Governor Fayose Closes The Petrol Stations Of Ekiti House Speaker. Ahhhh!


According to Punch, the confrontation between Fayose and Ekiti State
House of Assembly heightened on Wednesday with the government sealing off a filling station belonging to Speaker Adewale Omirin.
The speaker’s filling station, T. Five Integrated Service, is one of the four the government closed down in Ado-Ekiti to avert “unimaginable fire accident with attendant fatalities.”
The government, in a statement by the Chief Press Secretary to the governor, Idowu Adelusi, directed all the owners of the affected filling stations to report at the Ministry of Housing, Physical Planning and Urban Development with letters of approval.
Reacting to the closure, Omirin alleged that the governor ordered the closure of the filling station in order to intimidate and coerce him to join the PDP and dump his party, the APC.
He said, “I called the governor to confirm what the honourable member told me about the plan to close my filling station. The governor denied any such plan, swearing that he would not pursue any victimisation agenda against his opponents. But only yesterday (Wednesday), the governor ordered the closure of the filling station, citing environmental factor.”
He said he met all the necessary environmental laws and got the necessary approval for the station.
The speaker has vowed in a statement by his Special Adviser (Media), Wole Olujobi, not to “buckle undue political pressure to abandon his party for the PDP for selfish and pecuniary motives.”
The speaker wondered why Fayose would start victimising those who did not share his political belief.

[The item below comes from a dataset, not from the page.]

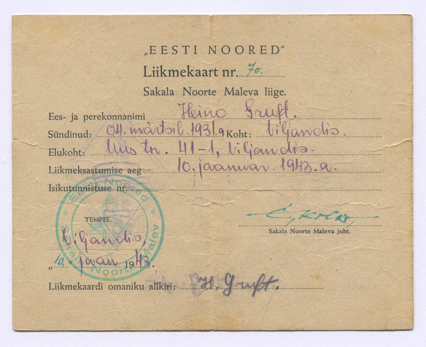 EN Sakala Noorte Maleva liikme, Heino Gruft'i EN liikmekaart, Katsete Sooritusraamat ja veel üks paber.

The statement quoted Omirin as saying that another assembly member, Joseph Olugbemi, had told him that the governor had made up his mind to close the filling station over his refusal to join the PDP.
Olugbemi is one of the six APC members that defected to the PDP on the day Fayose was inaugurated as the new governor of the state.
Omirin recalled that he had earlier promised the governor that the assembly would work with him in the interest of Ekiti people, to deliver dividends of democracy.
Omirin said he had a background of political fidelity anchored on progressive democratic practice and so would not abandon the principle in pursuit of selfish agenda.
He insisted that the present atmosphere in the state does not call for high-handedness and persecution.
He warned that attacks on them would smear the relationship between the Executive and Legislature.